◆ Task to complete: Take the listing below and print exactly the lines starting at the line containing "Náušnice Tous Gloss" and ending at the line containing "Концепция: Основная концепция", both ends included, and no others.

◆ Records for this exercise:
::::::::::

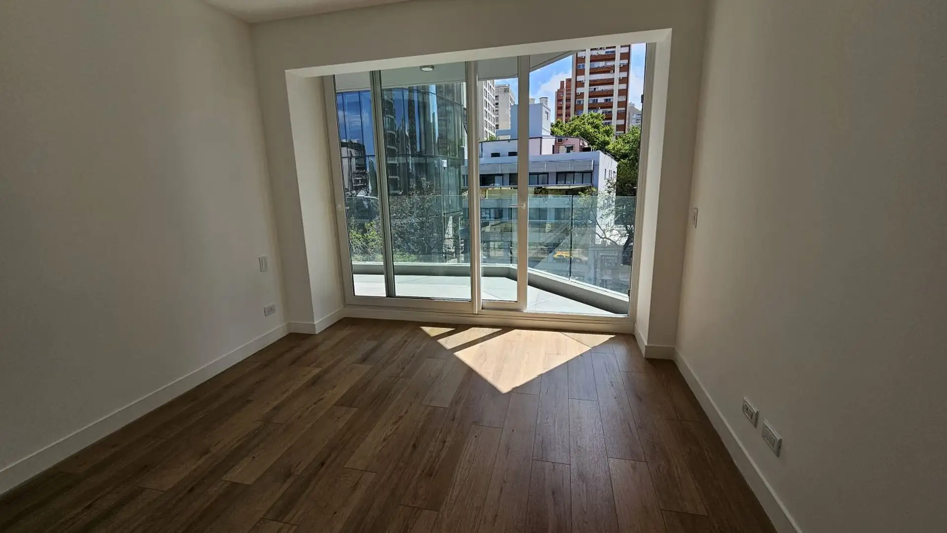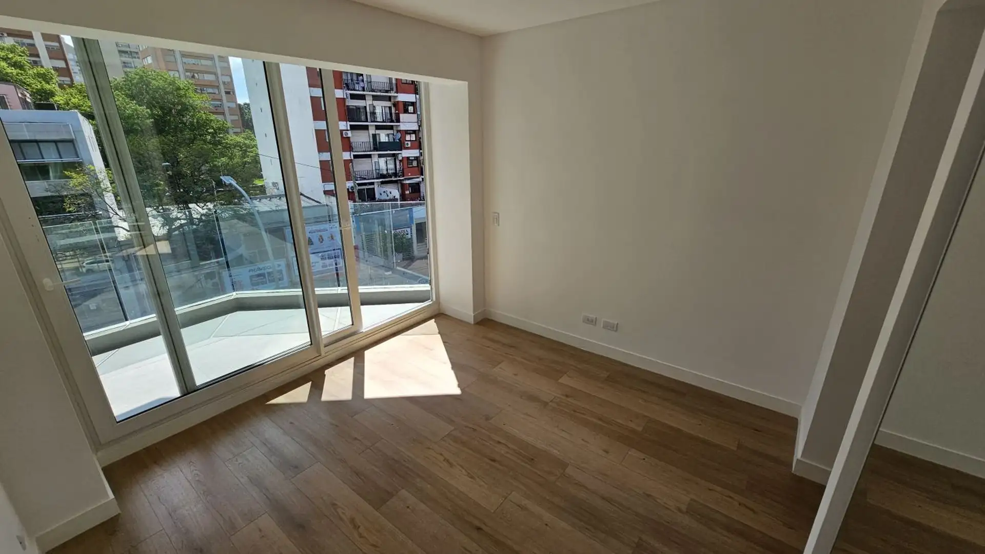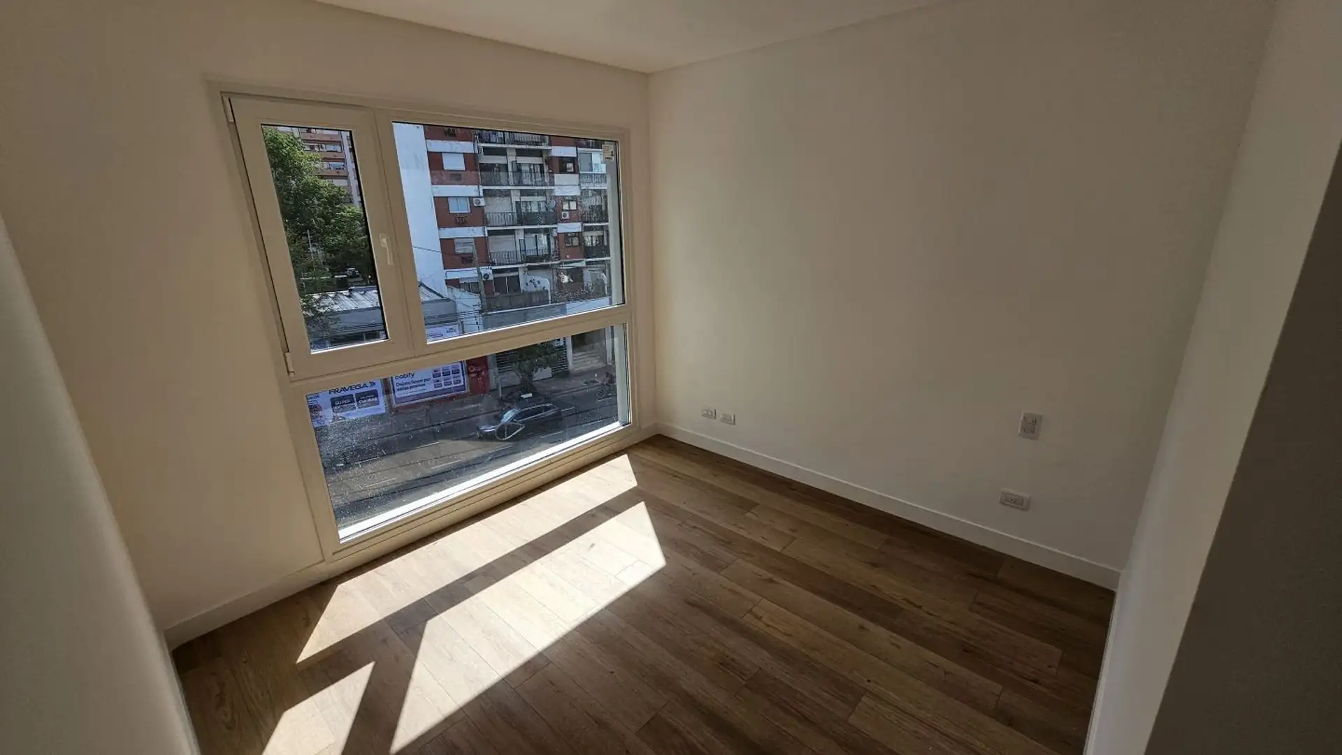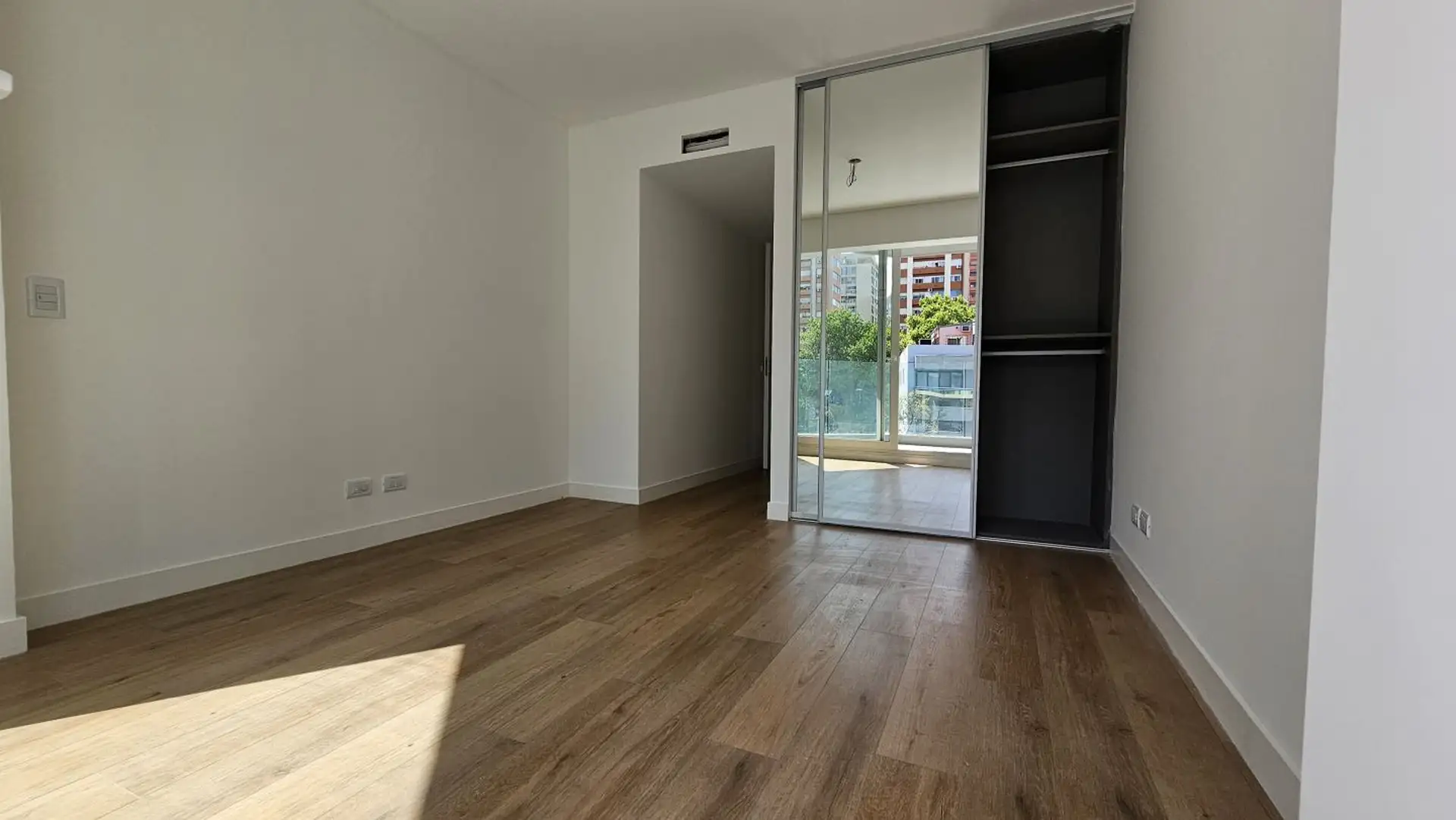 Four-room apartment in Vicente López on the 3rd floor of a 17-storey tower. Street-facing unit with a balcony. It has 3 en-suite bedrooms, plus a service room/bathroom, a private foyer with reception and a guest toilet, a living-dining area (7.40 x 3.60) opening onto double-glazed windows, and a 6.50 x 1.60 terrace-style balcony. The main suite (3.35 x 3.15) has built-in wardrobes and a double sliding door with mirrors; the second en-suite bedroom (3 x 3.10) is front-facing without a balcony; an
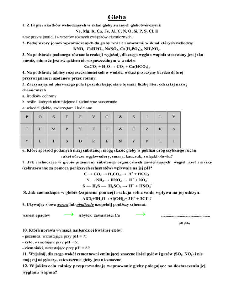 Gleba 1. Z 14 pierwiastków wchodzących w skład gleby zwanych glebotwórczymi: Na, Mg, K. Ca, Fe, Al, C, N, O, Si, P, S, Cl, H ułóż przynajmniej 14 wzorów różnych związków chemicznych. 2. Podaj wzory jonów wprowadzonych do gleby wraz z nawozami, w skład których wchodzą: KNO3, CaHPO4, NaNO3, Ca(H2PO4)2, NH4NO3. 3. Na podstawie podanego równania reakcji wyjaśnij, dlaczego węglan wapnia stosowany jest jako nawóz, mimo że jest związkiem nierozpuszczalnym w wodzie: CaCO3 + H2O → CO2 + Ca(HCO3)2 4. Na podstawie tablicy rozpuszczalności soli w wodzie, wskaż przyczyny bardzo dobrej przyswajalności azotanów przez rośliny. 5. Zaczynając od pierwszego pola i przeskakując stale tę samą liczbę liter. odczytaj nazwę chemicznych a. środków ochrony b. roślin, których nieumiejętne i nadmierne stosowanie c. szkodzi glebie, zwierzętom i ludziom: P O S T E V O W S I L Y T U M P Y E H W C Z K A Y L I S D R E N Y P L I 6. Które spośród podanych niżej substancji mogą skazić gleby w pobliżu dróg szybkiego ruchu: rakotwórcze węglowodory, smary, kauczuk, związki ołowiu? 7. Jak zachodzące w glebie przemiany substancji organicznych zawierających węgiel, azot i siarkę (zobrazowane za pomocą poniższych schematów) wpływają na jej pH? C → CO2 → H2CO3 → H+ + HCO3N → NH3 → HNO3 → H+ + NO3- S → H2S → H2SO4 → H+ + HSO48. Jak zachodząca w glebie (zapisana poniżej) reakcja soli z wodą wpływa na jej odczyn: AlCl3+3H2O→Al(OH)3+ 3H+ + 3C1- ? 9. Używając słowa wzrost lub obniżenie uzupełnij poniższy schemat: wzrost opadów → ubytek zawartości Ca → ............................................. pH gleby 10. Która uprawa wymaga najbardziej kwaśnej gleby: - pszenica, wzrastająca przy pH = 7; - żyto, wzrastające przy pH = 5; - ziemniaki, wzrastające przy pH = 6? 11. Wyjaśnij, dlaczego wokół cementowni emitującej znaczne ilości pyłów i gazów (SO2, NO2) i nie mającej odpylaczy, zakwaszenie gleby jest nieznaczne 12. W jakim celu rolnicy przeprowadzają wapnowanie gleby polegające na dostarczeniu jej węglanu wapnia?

::::::::::

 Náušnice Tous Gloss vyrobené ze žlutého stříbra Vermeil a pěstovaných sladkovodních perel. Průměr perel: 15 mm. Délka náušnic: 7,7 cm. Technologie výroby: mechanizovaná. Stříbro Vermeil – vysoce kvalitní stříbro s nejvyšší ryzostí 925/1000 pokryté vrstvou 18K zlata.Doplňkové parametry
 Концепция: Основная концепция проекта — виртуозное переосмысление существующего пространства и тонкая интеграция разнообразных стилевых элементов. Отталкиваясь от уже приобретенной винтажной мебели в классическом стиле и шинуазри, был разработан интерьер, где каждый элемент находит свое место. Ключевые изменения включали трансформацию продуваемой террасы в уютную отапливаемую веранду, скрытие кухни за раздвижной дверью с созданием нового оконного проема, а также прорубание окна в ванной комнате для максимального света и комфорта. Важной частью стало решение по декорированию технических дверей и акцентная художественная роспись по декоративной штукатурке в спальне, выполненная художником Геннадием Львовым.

::::::::::

◆ Solution to this problem:
 Náušnice Tous Gloss vyrobené ze žlutého stříbra Vermeil a pěstovaných sladkovodních perel. Průměr perel: 15 mm. Délka náušnic: 7,7 cm. Technologie výroby: mechanizovaná. Stříbro Vermeil – vysoce kvalitní stříbro s nejvyšší ryzostí 925/1000 pokryté vrstvou 18K zlata.Doplňkové parametry
 Концепция: Основная концепция проекта — виртуозное переосмысление существующего пространства и тонкая интеграция разнообразных стилевых элементов. Отталкиваясь от уже приобретенной винтажной мебели в классическом стиле и шинуазри, был разработан интерьер, где каждый элемент находит свое место. Ключевые изменения включали трансформацию продуваемой террасы в уютную отапливаемую веранду, скрытие кухни за раздвижной дверью с созданием нового оконного проема, а также прорубание окна в ванной комнате для максимального света и комфорта. Важной частью стало решение по декорированию технических дверей и акцентная художественная роспись по декоративной штукатурке в спальне, выполненная художником Геннадием Львовым.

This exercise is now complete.